Evening Greg, Glad you appreciated the TR quote. I found the full quote and thought you and others would enjoy reading it...Regards, jj

Man in the Arena

One of the top three most requested quotes is that regarding the "man in the
arena" or "not the critic"

"It is not the critic who counts: not the man who points out how the strong man
stumbles or where the doer of deeds could have done better. The credit belongs to
the man who is actually in the arena, whose face is marred by dust and sweat and
blood, who strives valiantly, who errs and comes up short again and again,
because there is no effort without error or shortcoming, but who knows the great
enthusiasms, the great devotions, who spends himself for a worthy cause; who, at
the best, knows, in the end, the triumph of high achievement, and who, at the
worst, if he fails, at least he fails while daring greatly, so that his place shall
never be with those cold and timid souls who knew neither victory nor defeat."

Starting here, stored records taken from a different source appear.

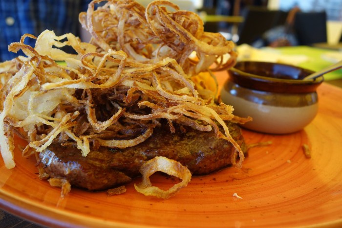 My brother got a classic hagymás rostélyos, which is a sirloin steak topped with a mound of crunchy fried onions. With it came the delicious reduced cooking jus of the steak. From the few bites I tried, it was tender and well cooked with the crunchy o’s adding an indulgent touch. Good stuff.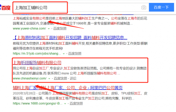 上海昕翊服飾輔料有限公司選用我司企業(yè)加工輔料的網(wǎng)站優(yōu)化產(chǎn)品,其SEO關(guān)鍵詞有加工輔料。按天計費,最快7天上詞,不到首頁不扣費。關(guān)鍵詞質(zhì)量保證,白帽SEO符合百度算法,360、搜狗、移動端等排名效果免費贈送。上海昕翊服飾輔料有限公司成立于2010年,是經(jīng)上海市市場監(jiān)督管理局審核的有資質(zhì)的公司,其統(tǒng)一社會信用代碼:91310114552940244U。公司地址:上海市嘉定工業(yè)區(qū)葉城路1630號10幢2042室。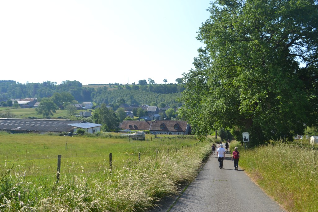 A hauteur de l’Ile de la Venne, nous remontons vers le plateau en direction de Flagothier, mais non sans avoir auparavant effectué une boucle spéciale 20 km qui me sépare du gros de la troupe. Il fait chaud, mais heureusement, quelques tronçons boisés sont des intermèdes rafraîchissants.

"Citizenship in a Republic,"
Speech at the Sorbonne, Paris, April 23, 1910

Below are additional quotations related to the more famous and later quote.
These quotes taken from a cdrom - The Works of Theodore Roosevelt -
National Edition, A PRODUCT OF H-BAR ENTERPRISES
COPYRIGHT 1997

"...the man who really counts in the world is the doer, not the mere critic-the man
who actually does the work, even if roughly and imperfectly, not the man who only
talks or writes about how it ought to be done." (1891)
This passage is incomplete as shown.